I would like to fit a line that uses the inverse of the error bars as weights.
I binned my data x and y, into 10 bins ( ~26 points each ) and took their mean. This is not a matrix of values so polyfit isn't happy with that.
# note I didn't test this pseudo code....
import numpy as np
import scipy
x = np.random.randn(100)
y = np.random.rand(100)
x_bins = np.linspace(x.min(), x.max(), 10) # reduction of data into 10 bins
y_bins = np.linspace(y.min(), y.max(), 10)
x_bin = np.digitize(x, x_bins)
y_bin = np.digitize(y, y_bins)
x_mu = np.zeros(10)
y_mu = x_mu.copy()
err = x_mu.copy()
for i in range(10):
x_mu = np.mean(x[x_bin==i])
y_mu = np.mean(y[y_bin==i])
err = np.std([y[y_bin==i])
x_mu[np.isnan(x_mu)] = 0
y_mu[np.isnan(y_mu)] = 0
errror[np.isnan(error)] = 0
plt.errorbar(x_mu, y_mu, err, fmt='o')
EDIT: scipy.polyfit stopped complaining about ill conditioned inputs...

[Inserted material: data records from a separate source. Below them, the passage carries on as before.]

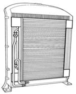 The only condenser anywhere designed for street rods (‘32- 40 Fords and most pre-’48 cars) that will fit the tight spots and still deliver big condenser performance!
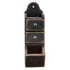 Beadboard Shelf w/Drawer is made of black painted, distressed wood and features a shelf with pull drawer for storage. It is made in the USA and measures 17" high by 19½" wide.
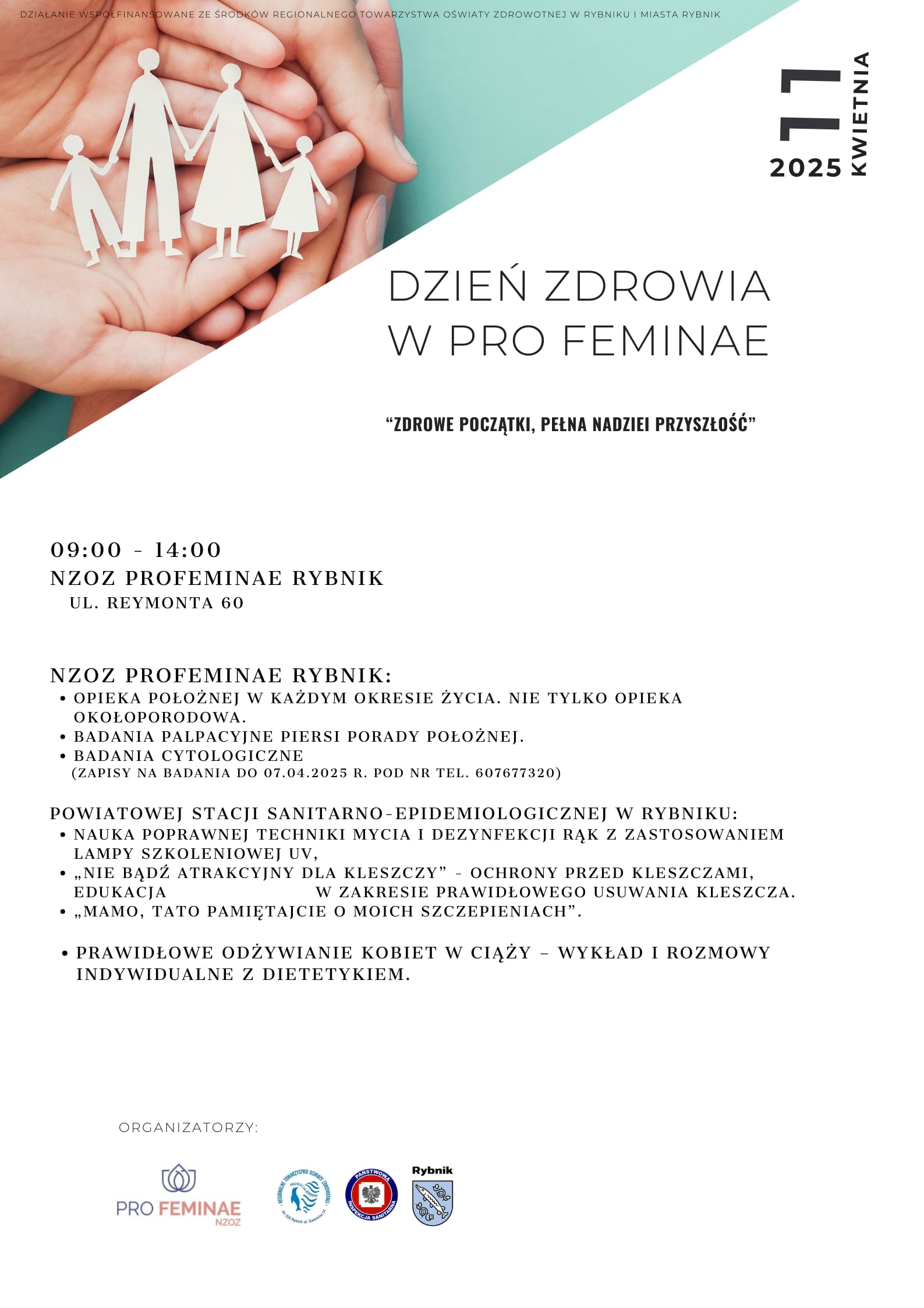 Chętne matki/opiekunowie i dziewczęta będą mogły wziąć udział w warsztatach w gabinecie ginekologicznym w NZOZ PRO FEMINAE S.C. w Rybniku ul. Reymonta 60.
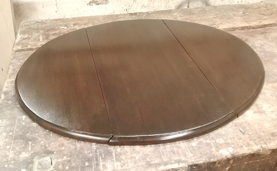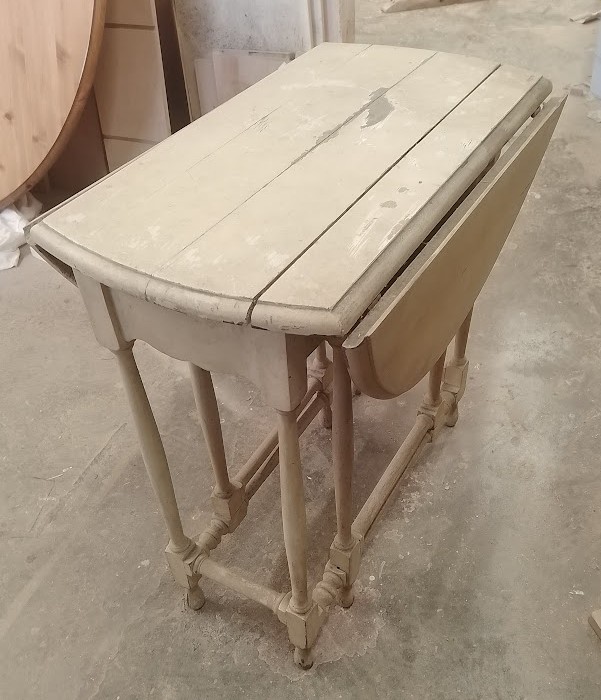 The table arrived with separated boards to the table top and leaves, the finish is dry and heavily stained. The framework is loose and damaged in places.
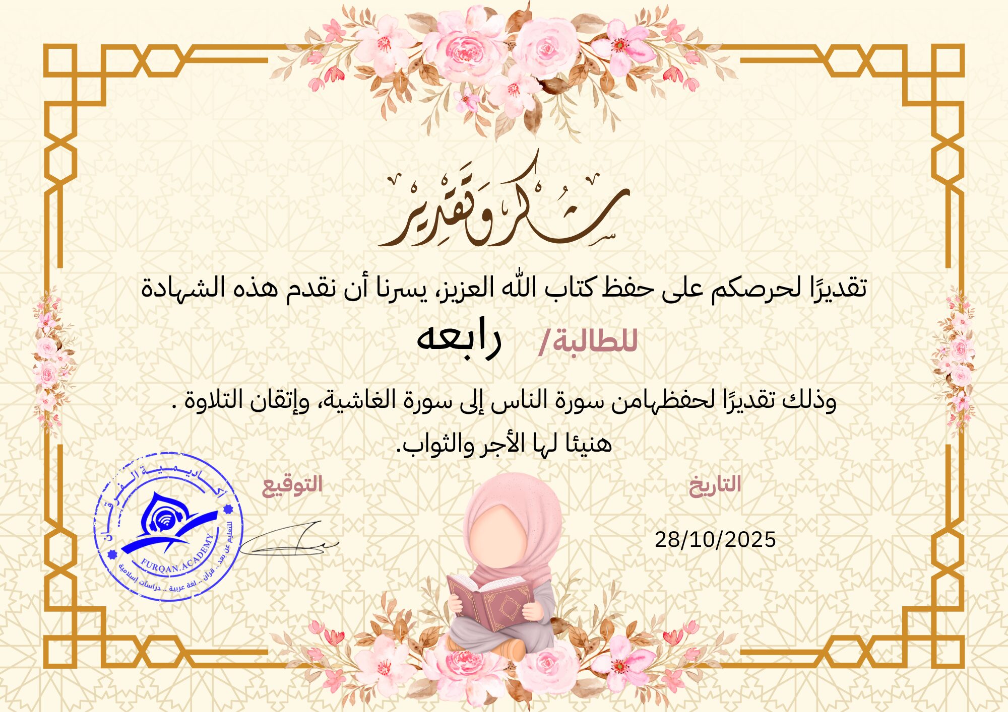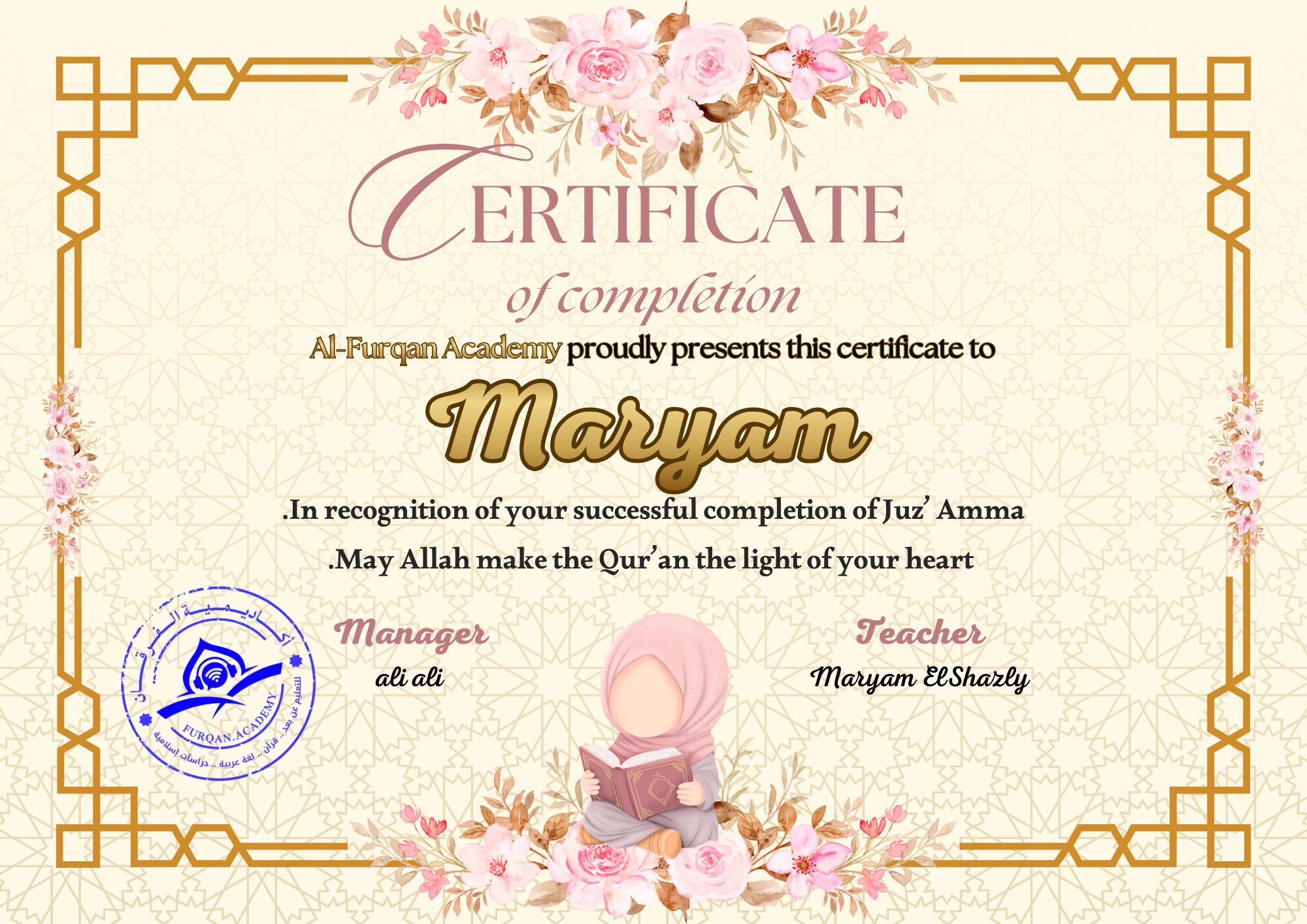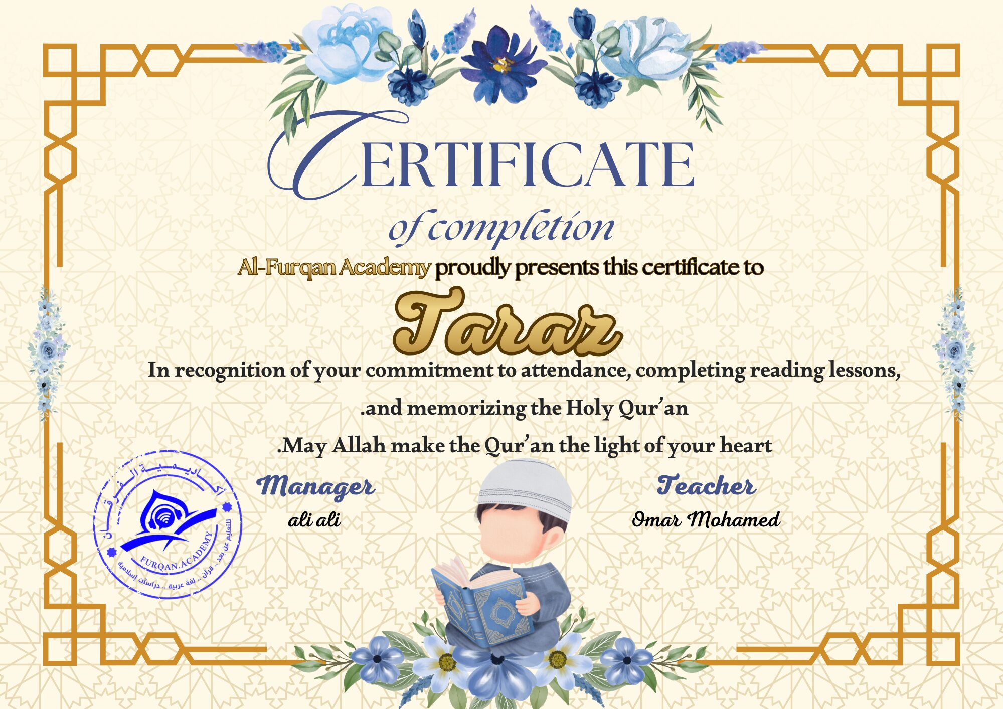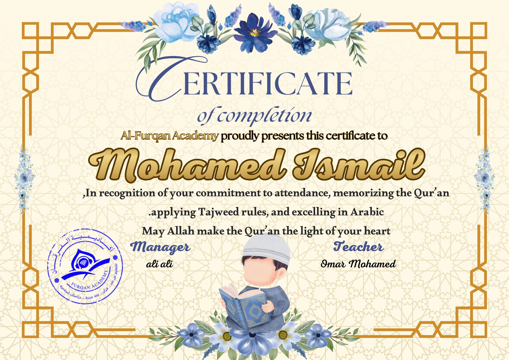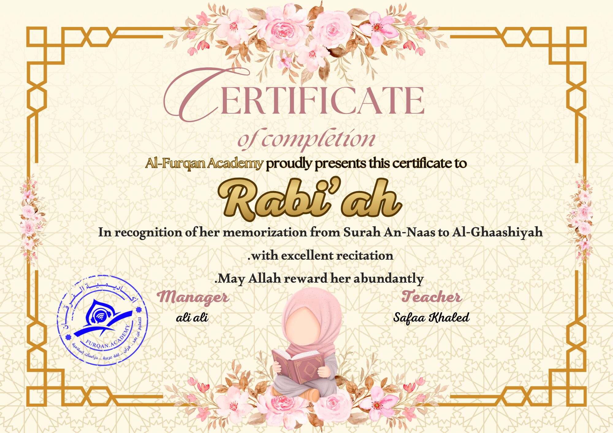 I’ve been finishing Quran classes at Furqan Academy for a few years now. The courses are of exceptional caliber. I wish to stay with them for as long as I can and to motivate others to learn the Quran online and enjoy the simplicity of learning Allah’s book with Allah Almighty’s guidance.

out = scipy.polyfit(x_mu, y_mu, deg=1, w=error)
A numpy.polyfit
does not allow you to explicitly specify uncertainties. Instead you could use scipy.optimize.curve_fit
, e.g.
import numpy as np
import scipy
import scipy.optimize
x = np.linspace(0,1, 100)
y = np.random.rand(100)
# bin the data
n, bins = np.histogram(y, 10, [0, 1])
xb = bins[:-1] + 0.05 # at bin center; has overflow bin
yb = n # just the per-bin counts
err = sqrt(n) # from Poisson statistics
plt.errorbar(xb, yb, err, fmt='ro')
# fit a polynomial of degree 1, no explicit uncertainty
a1, b1 = np.polyfit(xb, yb, 1)
plt.plot(xb, a1*xb + b1, 'b')
# fit explicitly taking uncertainty into account
f = lambda x, a, b: a*x + b # function to fit
# fit with initial guess for parameters [1, 1]
pars, corr = scipy.optimize.curve_fit(f, xb, yb, [1, 1], err)
a2, b2 = pars
plt.plot(xb, a2*xb + b2, 'r')
To properly interpret the fit you need to examine the correlation matrix of the fitted parameters, but that goes beyond this technical question.